Archive for the ‘Development’ Category

Ravallion on Pinkovskiy and Sala-i-Martin

Monday, March 8th, 2010

Martin Ravallion is open to the idea that African poverty has been improving to the last 15 years, but he is cautious regarding the quality of our data and methods:

Maxim Pinkovskiy and Xavier Sala-i-Martin (PSiM herafter) have confidently claimed that “The conventional wisdom that Africa is not reducing poverty is wrong” and that “African poverty is falling and is falling rapidly.” This sounds like good news. But is it right?

We must first be clear about what we mean when we say “poverty is falling”. What many people mean is falling numbers of poor. However, PSiM refer solely to the poverty rate—the percentage of people who are poor. (There is no mention of this important distinction in their paper.)…

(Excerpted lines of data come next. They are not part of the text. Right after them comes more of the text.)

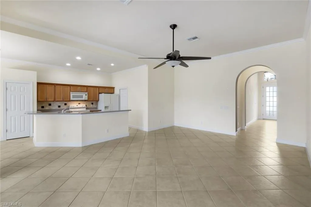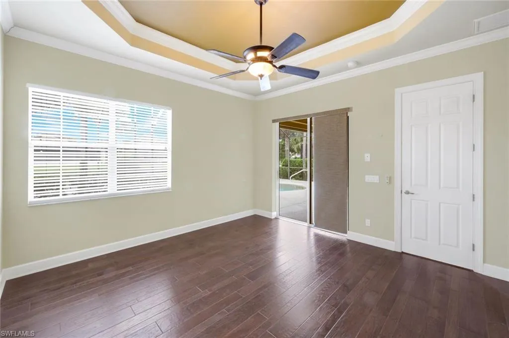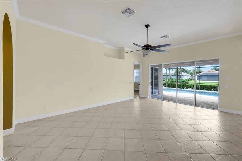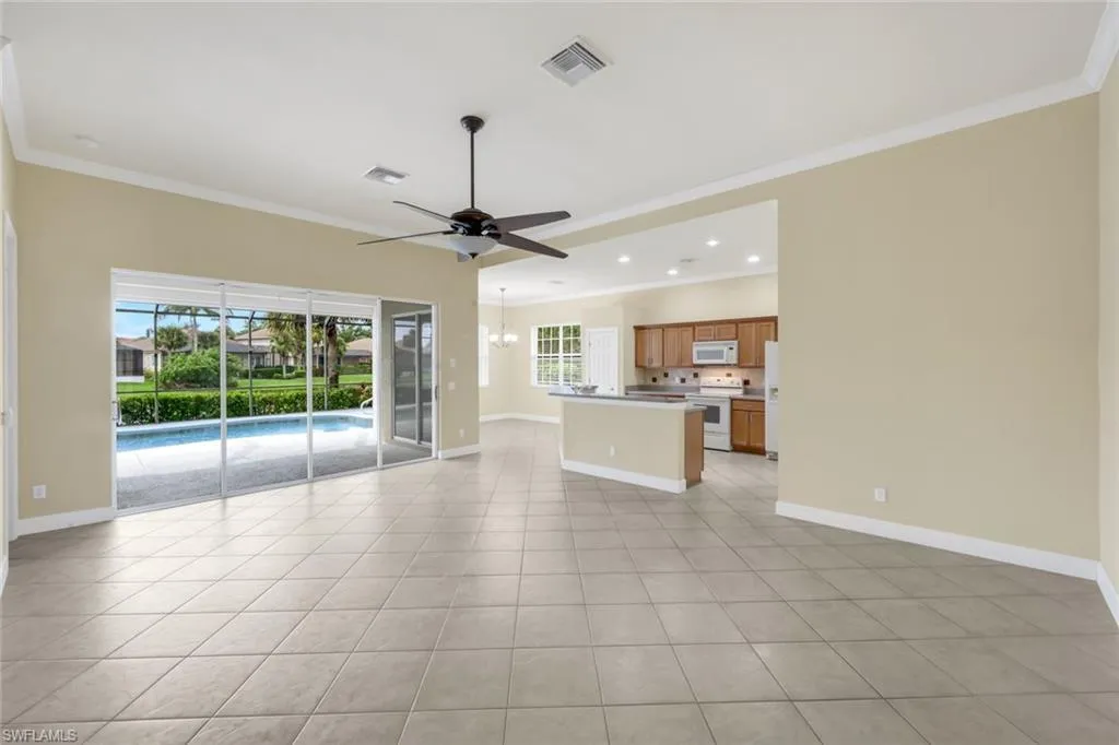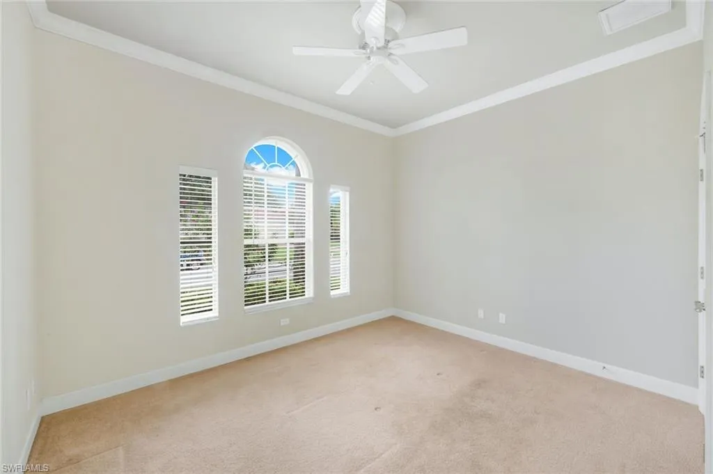This is a well-maintained home in Crown Colony, close to a shopping plaza. This is a two-bedroom home with a den that can be used as a guest room or additional living space. The master suite has an 11-foot high vaulted ceiling and a sliding door out to the pool with a view of the large lake. There are dual closets in the master suite with closet interior upgrades. The master bathroom has dual sinks, a shower, and a tub. A two-car garage provides ample parking space for your vehicles with direct access to the laundry room and kitchen. The pool area deck has been redone, and all new screening have been installed. The ROOF was replaced in 2020. The home has an open concept with plenty of room for all your furniture. Crown Colony is a gated community, and it has many amenities that include tennis, pool, spa, and fitness center. There are golf memberships available to join as well, with all types of memberships from full golf to snowbird golf. The location of Crown Colony is near Ft Myers Beach, Sanibel Island and the beaches, and near the international airport RSW.
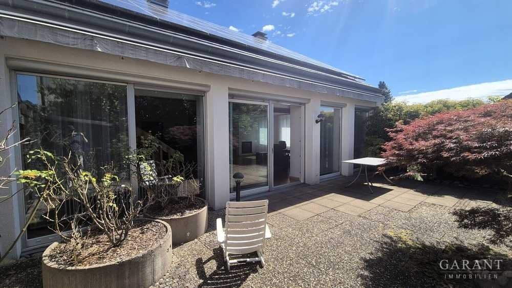 Das 295 qm + 59 qm (Garage/Vorplatz/Wohnweg) große Grundstück besticht durch einen stilvollen Atriumgarten mit Gartenkamingrill, der zu geselligen Stunden im Freien einlädt. Für angenehmen Schatten sorgt die 40 qm große, funkgesteuerte Markise. Zwei hintereinander stehende Garagen führen direkt in den Nebengarten und schließen das Angebot ab.
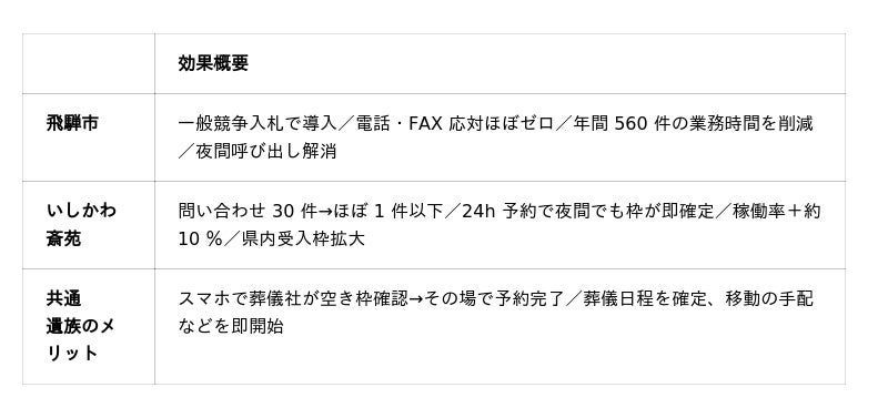 ■ 飛騨市役所 市民福祉部 市民保険課のコメントスマート火葬予約導入で、葬儀社さんは現場で火葬炉の空き時間を即確認・即予約でき、市へ電話する手間が無くなりました。私たち職員も窓口や宿直中の電話対応が激減。年間約 560 件のやり取り時間が大幅に削減され、火葬予約が迅速・確実になったと実感しています。窓口が混雑していても予約電話や火葬時間の調整の対応に追われることが無くなった点もありがたいです。

Here we agree: aggregate poverty rates have fallen in Sub-Saharan Africa (SSA) since the mid-1990s.  Shahoua Chen and I came to exactly the same conclusion in our research, for the World Bank’s global poverty monitoring effort, although our methods differ considerably and (no surprise) I prefer our methods.

However, Chen and I also point out that the decline in the aggregate poverty rate has not been sufficient to reduce the number of poor, given population growth…

Two points to note here: (i) Chen and I show that the poverty decline in SSA tends to be larger for lower poverty lines (in the region $1-$2.50 a day) and (ii) PSiM’s method attributes the entire difference between GDP and household consumption to the current consumption of households, and they assume that its distribution is the same as in the surveys. These assumptions are very unlikely to hold, and they give an overly optimistic picture.

In effect, PSiM are using a lower poverty line than us…

PSiM do not tell readers just how few survey data points they have actually used after 1995. Indeed, readers of their paper may be surprised to hear that there is any uncertainty about the trend decline since the mid-1990s; their main graph has 30 annual data points since 1995. But these are not real data points in any obvious sense; rather they are synthetic (model-based) extrapolations based on national accounts and growth forecasts.

We have national household surveys for all but 10 of the 48 countries in SSA since 1995. However, for only 18 countries do we have more than one survey since 1995; for 30 countries, there are is at most one survey since 1995.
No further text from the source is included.